DATA SEGMENT —
****
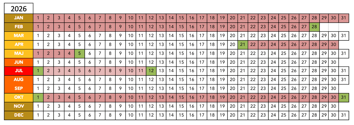 Avgår 35% av hyra vid minst 28 nätter, samt el tillkommer.
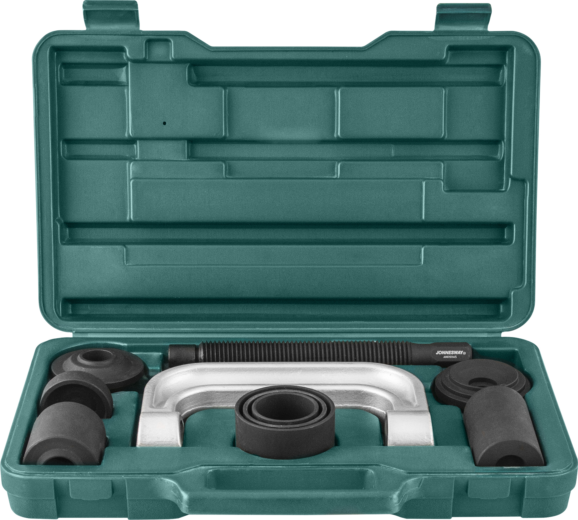 Содержание: Струбцина; Ходовой винт; Установочный адаптер (устанавливается в верхнюю часть струбцины и упирается в палец шарового шарнира); Приемные втулки, размерами: 50, 63, и 76 мм. (устанавливаются под рычаг при демонтаже шаровой опоры и на рычаг, при монтаже); Адаптер-толкатель (устанавливается на втулку ходового винта); Установочный адаптер «глухой»; Дополнительная приемная втулка (устанавливается на втулку ходового винта без адаптера); Дополнительная приемная втулка L= 90 мм. (устанавливается на втулку ходового винта без адаптера).
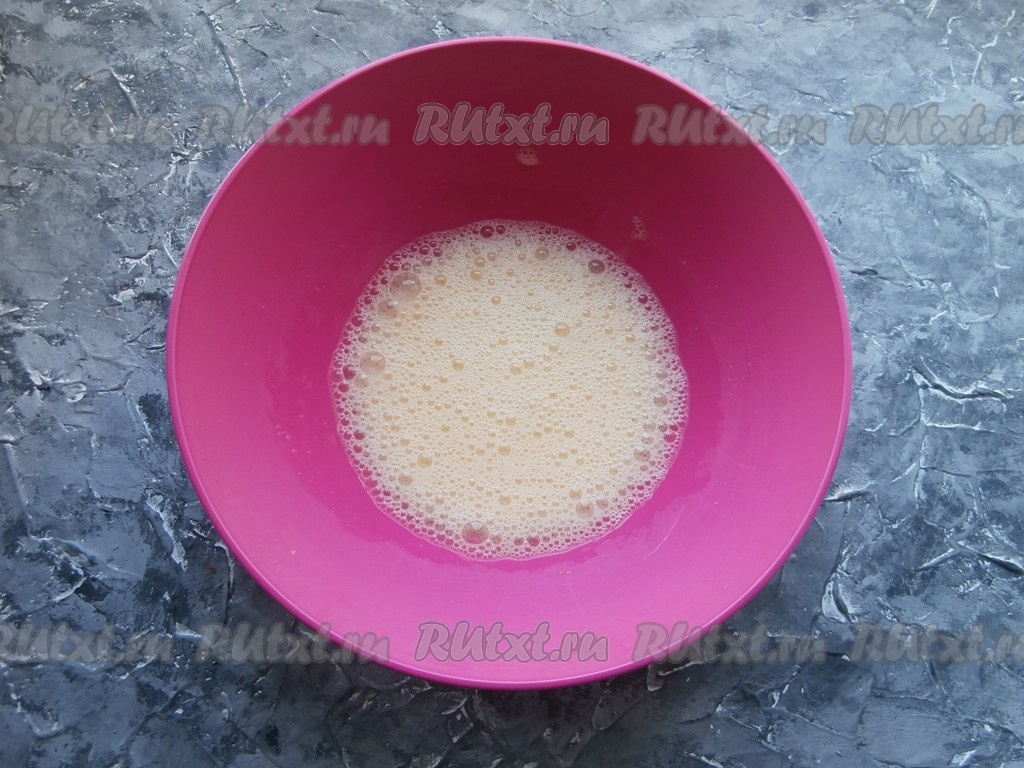 Далее всыпать ванильный сахар и, постепенно всыпая обычный сахар, продолжать взбивать смесь миксером до получения светлой, пышной, густоватой массы и растворения сахара (взбивать 3-5 минут).
****
REQUIRED ACTION — From the line containing "Содержание: Струбцина; Ходовой" through the final line of the listing, copy every line exactly and nothing else. Skip the pictures.

SOLUTION FOR THIS PROBLEM —
 Содержание: Струбцина; Ходовой винт; Установочный адаптер (устанавливается в верхнюю часть струбцины и упирается в палец шарового шарнира); Приемные втулки, размерами: 50, 63, и 76 мм. (устанавливаются под рычаг при демонтаже шаровой опоры и на рычаг, при монтаже); Адаптер-толкатель (устанавливается на втулку ходового винта); Установочный адаптер «глухой»; Дополнительная приемная втулка (устанавливается на втулку ходового винта без адаптера); Дополнительная приемная втулка L= 90 мм. (устанавливается на втулку ходового винта без адаптера).
 Далее всыпать ванильный сахар и, постепенно всыпая обычный сахар, продолжать взбивать смесь миксером до получения светлой, пышной, густоватой массы и растворения сахара (взбивать 3-5 минут).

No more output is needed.